* **Work item**: Could you repeat every line below exactly, skipping the images?

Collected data
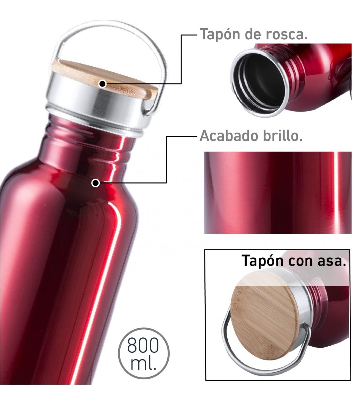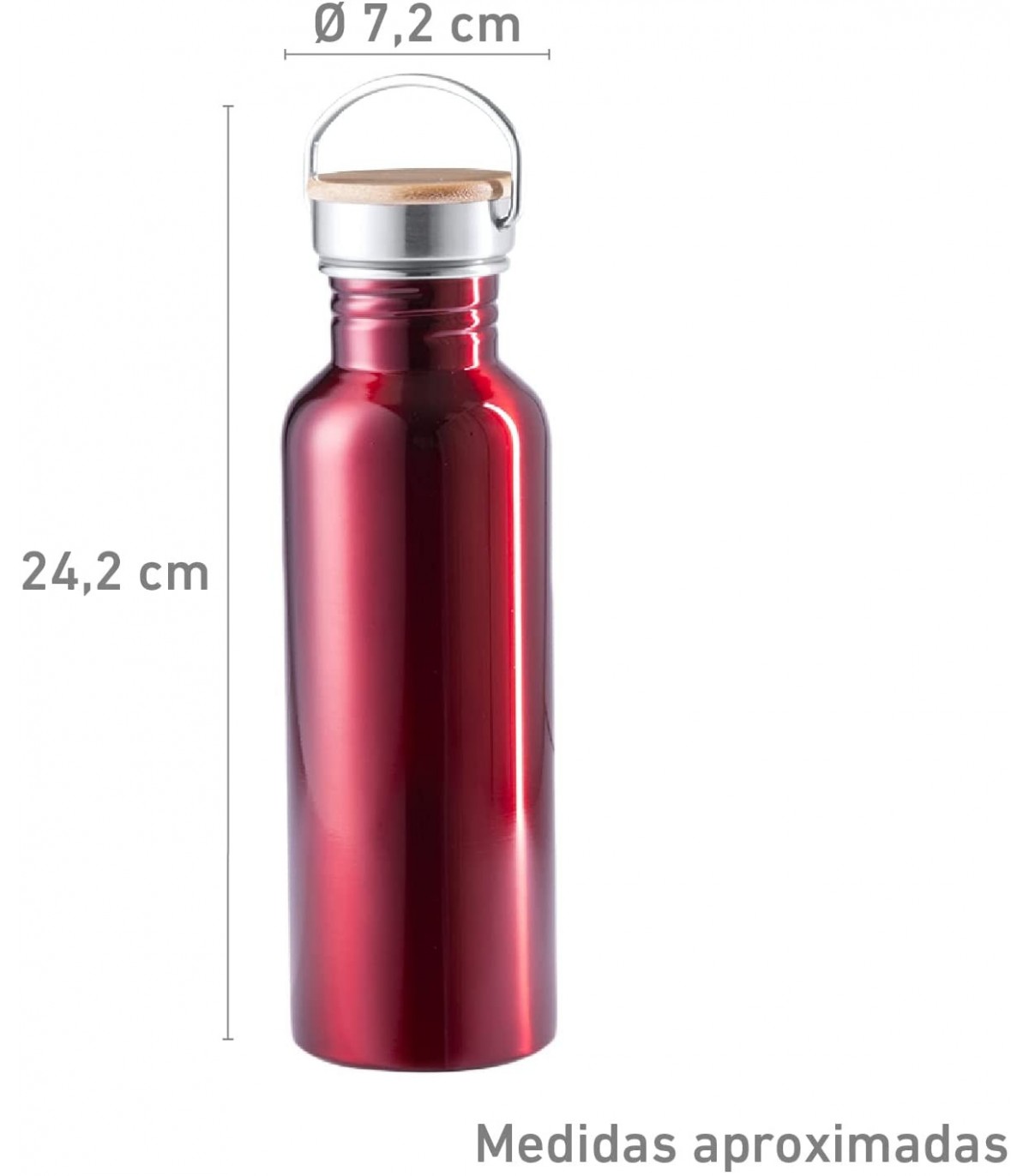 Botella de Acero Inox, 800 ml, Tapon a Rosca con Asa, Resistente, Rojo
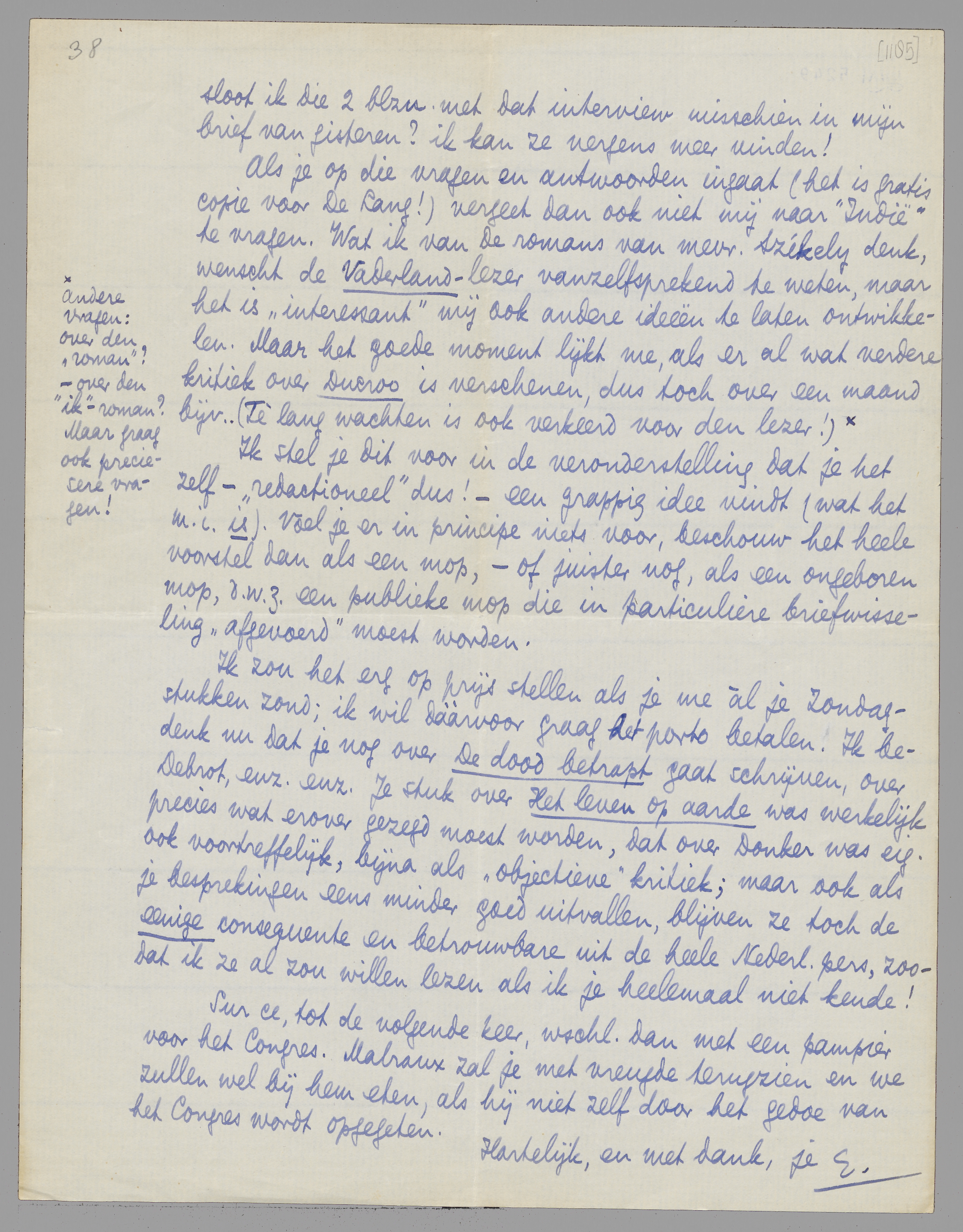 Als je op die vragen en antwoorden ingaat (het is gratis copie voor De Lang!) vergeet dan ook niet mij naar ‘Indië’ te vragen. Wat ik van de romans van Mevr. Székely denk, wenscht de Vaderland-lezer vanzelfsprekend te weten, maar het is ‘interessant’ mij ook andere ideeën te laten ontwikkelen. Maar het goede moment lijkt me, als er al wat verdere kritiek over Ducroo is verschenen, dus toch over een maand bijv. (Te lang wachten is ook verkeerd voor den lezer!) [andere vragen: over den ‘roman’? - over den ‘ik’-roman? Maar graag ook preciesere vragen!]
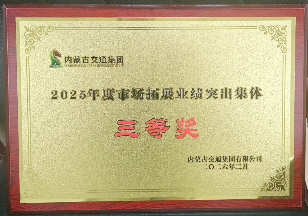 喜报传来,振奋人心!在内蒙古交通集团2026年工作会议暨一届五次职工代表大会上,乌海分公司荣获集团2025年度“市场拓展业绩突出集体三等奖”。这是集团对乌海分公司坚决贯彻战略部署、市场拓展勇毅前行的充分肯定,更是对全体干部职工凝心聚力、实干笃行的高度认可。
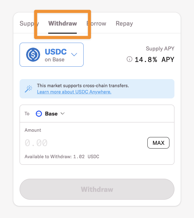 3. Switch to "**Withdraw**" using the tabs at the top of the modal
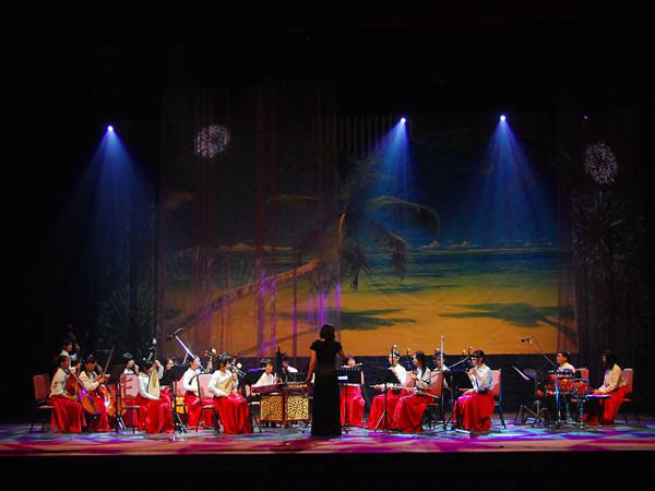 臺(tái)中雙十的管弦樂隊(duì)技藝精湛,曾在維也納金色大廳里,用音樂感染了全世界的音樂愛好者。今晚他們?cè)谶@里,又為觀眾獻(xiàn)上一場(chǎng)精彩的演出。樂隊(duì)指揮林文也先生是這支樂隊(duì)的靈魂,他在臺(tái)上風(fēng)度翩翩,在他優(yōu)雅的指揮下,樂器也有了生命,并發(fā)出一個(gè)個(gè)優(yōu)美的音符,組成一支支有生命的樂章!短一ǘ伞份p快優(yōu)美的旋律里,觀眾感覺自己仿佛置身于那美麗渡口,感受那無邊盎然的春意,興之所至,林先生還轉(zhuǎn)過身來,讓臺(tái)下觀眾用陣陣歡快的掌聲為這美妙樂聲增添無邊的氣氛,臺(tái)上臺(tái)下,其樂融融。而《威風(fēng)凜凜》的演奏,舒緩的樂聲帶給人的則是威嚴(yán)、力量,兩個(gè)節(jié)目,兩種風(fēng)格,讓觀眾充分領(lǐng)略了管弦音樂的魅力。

* **Task output**:
 Botella de Acero Inox, 800 ml, Tapon a Rosca con Asa, Resistente, Rojo
 Als je op die vragen en antwoorden ingaat (het is gratis copie voor De Lang!) vergeet dan ook niet mij naar ‘Indië’ te vragen. Wat ik van de romans van Mevr. Székely denk, wenscht de Vaderland-lezer vanzelfsprekend te weten, maar het is ‘interessant’ mij ook andere ideeën te laten ontwikkelen. Maar het goede moment lijkt me, als er al wat verdere kritiek over Ducroo is verschenen, dus toch over een maand bijv. (Te lang wachten is ook verkeerd voor den lezer!) [andere vragen: over den ‘roman’? - over den ‘ik’-roman? Maar graag ook preciesere vragen!]
 喜报传来,振奋人心!在内蒙古交通集团2026年工作会议暨一届五次职工代表大会上,乌海分公司荣获集团2025年度“市场拓展业绩突出集体三等奖”。这是集团对乌海分公司坚决贯彻战略部署、市场拓展勇毅前行的充分肯定,更是对全体干部职工凝心聚力、实干笃行的高度认可。
 3. Switch to "**Withdraw**" using the tabs at the top of the modal
 臺(tái)中雙十的管弦樂隊(duì)技藝精湛,曾在維也納金色大廳里,用音樂感染了全世界的音樂愛好者。今晚他們?cè)谶@里,又為觀眾獻(xiàn)上一場(chǎng)精彩的演出。樂隊(duì)指揮林文也先生是這支樂隊(duì)的靈魂,他在臺(tái)上風(fēng)度翩翩,在他優(yōu)雅的指揮下,樂器也有了生命,并發(fā)出一個(gè)個(gè)優(yōu)美的音符,組成一支支有生命的樂章!短一ǘ伞份p快優(yōu)美的旋律里,觀眾感覺自己仿佛置身于那美麗渡口,感受那無邊盎然的春意,興之所至,林先生還轉(zhuǎn)過身來,讓臺(tái)下觀眾用陣陣歡快的掌聲為這美妙樂聲增添無邊的氣氛,臺(tái)上臺(tái)下,其樂融融。而《威風(fēng)凜凜》的演奏,舒緩的樂聲帶給人的則是威嚴(yán)、力量,兩個(gè)節(jié)目,兩種風(fēng)格,讓觀眾充分領(lǐng)略了管弦音樂的魅力。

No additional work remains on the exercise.